I disabled http → https redirection and then it worked a little bit:

truenas_admin@truenas22[~]$ acme.sh --insecure --deploy -d '*.lang-w.de' --deploy-hook truenas_ws                          
[Fri Dec 12 20:55:35 CET 2025] Checking environment variables...
[Fri Dec 12 20:55:35 CET 2025] TrueNAS protocol not set. Using 'ws'.
[Fri Dec 12 20:55:35 CET 2025] Environment variables: OK
[Fri Dec 12 20:55:35 CET 2025] Checking TrueNAS health...
[Fri Dec 12 20:55:43 CET 2025] TrueNAS health: OK
[Fri Dec 12 20:55:43 CET 2025] Gather system info...
[Fri Dec 12 20:55:43 CET 2025] TrueNAS version: 25.10.0.1
[Fri Dec 12 20:55:43 CET 2025] Gather current WebUI certificate...
[Fri Dec 12 20:55:44 CET 2025] Current WebUI certificate ID: 4
[Fri Dec 12 20:55:44 CET 2025] Current WebUI certificate name: Letsencrypt_2025-09-14_072039
[Fri Dec 12 20:55:44 CET 2025] Upload new certificate...
[Fri Dec 12 20:55:44 CET 2025] New WebUI certificate name: acme_20251212_195544
[Fri Dec 12 20:55:45 CET 2025] Trying to upload new certificate...
[Fri Dec 12 20:55:45 CET 2025] New certificate ID: 5
[Fri Dec 12 20:55:45 CET 2025] Replace FTP certificate...
[Fri Dec 12 20:55:46 CET 2025] Replace app certificates...
[Fri Dec 12 20:55:47 CET 2025] Checking app portainer...
[Fri Dec 12 20:55:48 CET 2025] App has certificate option, setup new certificate...
[Fri Dec 12 20:55:48 CET 2025] App will be redeployed after updating the certificate.
[Fri Dec 12 20:55:56 CET 2025] App certificate replaced.
[Fri Dec 12 20:55:56 CET 2025] Checking app paperless-ngx...
[Fri Dec 12 20:55:56 CET 2025] App has no certificate option, skipping...
[Fri Dec 12 20:55:56 CET 2025] Checking app next...
[Fri Dec 12 20:55:57 CET 2025] App has certificate option, setup new certificate...
[Fri Dec 12 20:55:57 CET 2025] App will be redeployed after updating the certificate.
parse error: Invalid numeric literal at line 1, column 7
parse error: Invalid numeric literal at line 1, column 7
parse error: Invalid numeric literal at line 1, column 7
[Fri Dec 12 20:56:36 CET 2025] Job 29613 failed:
[Fri Dec 12 20:56:36 CET 2025] 
[Fri Dec 12 20:56:36 CET 2025] Error deploying for domain: *.lang-w.de
[Fri Dec 12 20:56:36 CET 2025] Error encountered while deploying.
truenas_admin@truenas22[~]$ 

now I see the old and a new certificate in the WebUI.

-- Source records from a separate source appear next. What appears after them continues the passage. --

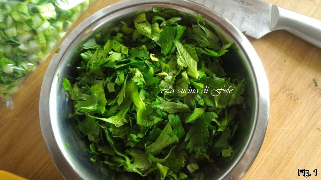 Was en maak de bleekselderij schoon, haal ongeveer 100 gram bladeren en stengels uit het hart en hak ze grof met een mes.
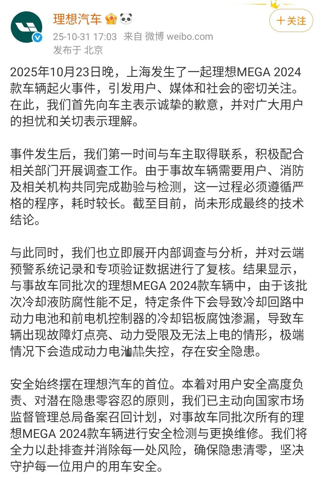 理想汽车宣布对理想MEGA进行召回!与上海一辆理想MEGA在行驶过程中突然出现爆燃有关! 本着对安全负责的原则,理想决定召回所有2024款的理想MEGA,涉及的车辆1万多辆,这些车辆都会将免费更换为全新的动力电池,防冻液以及前电机控制器。 按照销售数量以及成本计算,理想将为此次召回额外支付11亿人民币,不过理想的做法确实比其他的车企好是主动召回的,并不是受指令召回的。 相当于把一切潜在的安全风险都给彻底解决,电池也是全新的,这样就从根本上避免了发生问题的原因。 各位是怎么看的?欢迎评论区留言。
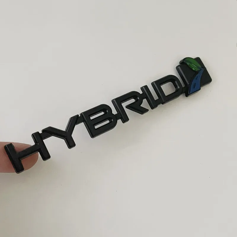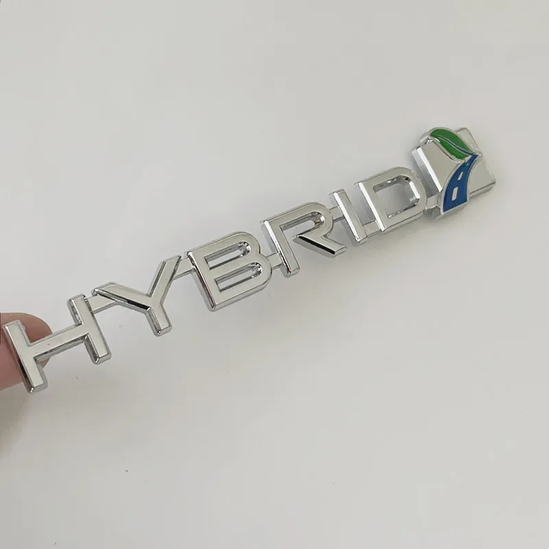 - The emblem features raised, three-dimensional “HYBRID” letters paired with a stylized leaf and road graphic, emphasizing eco-friendly driving in a modern design.
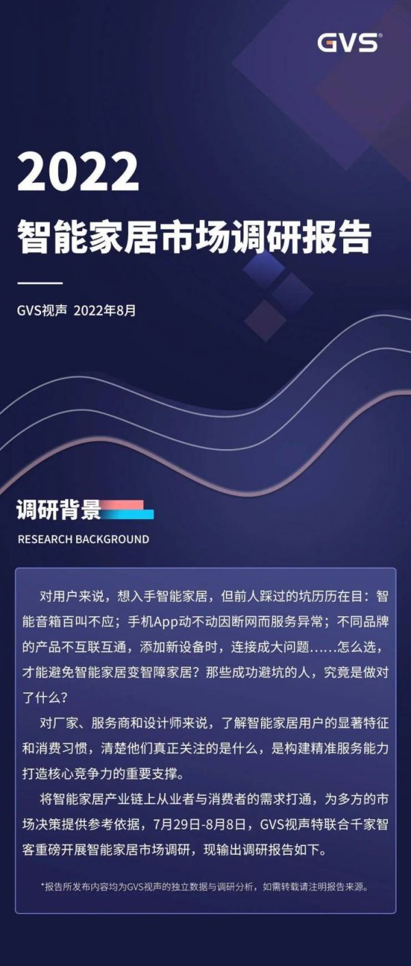 将智能家居产业链上从业者与消费者的需求打通,为多方的市场决策提供参考依据,7月29日-8月8日,GVS视声特联合千家智客重磅开展智能家居市场调研,现输出调研报告如下。
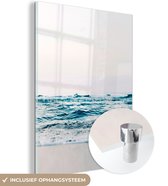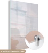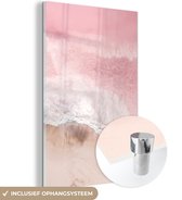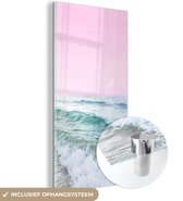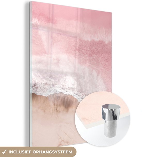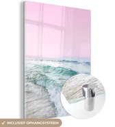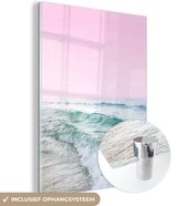 MuchoWow® Peinture sur verre 60x80 cm - Peinture sur verre - Plage - Mer - Rose - Nature - Vagues - Photo sur verre acrylique - Peintures

But I have to select the new certificate, this is not done automatically.

In my App Nextcloud the certificate changed automatically.

But I don’t want to do this procedure every few months by hand. It should work automatically. And I enabled again the redirect http→https.

I tried also the deploy script from dan (yesterday) but here it results also in an error. Now my system is working again, and I don’t want to make additional experiments.
Perhaps I should work with proxmox, because Nextcloud is also not working with all features. Since months I try to get synchronisation of calendar and adressbook with my Mac and iOS devices. Here I have problems with redirect. It is too high for me, I like to test and check some things, but I can’t find a solution.

the setup of acme.sh to get a certificate was relatively easy, but the steps behind are too high for me.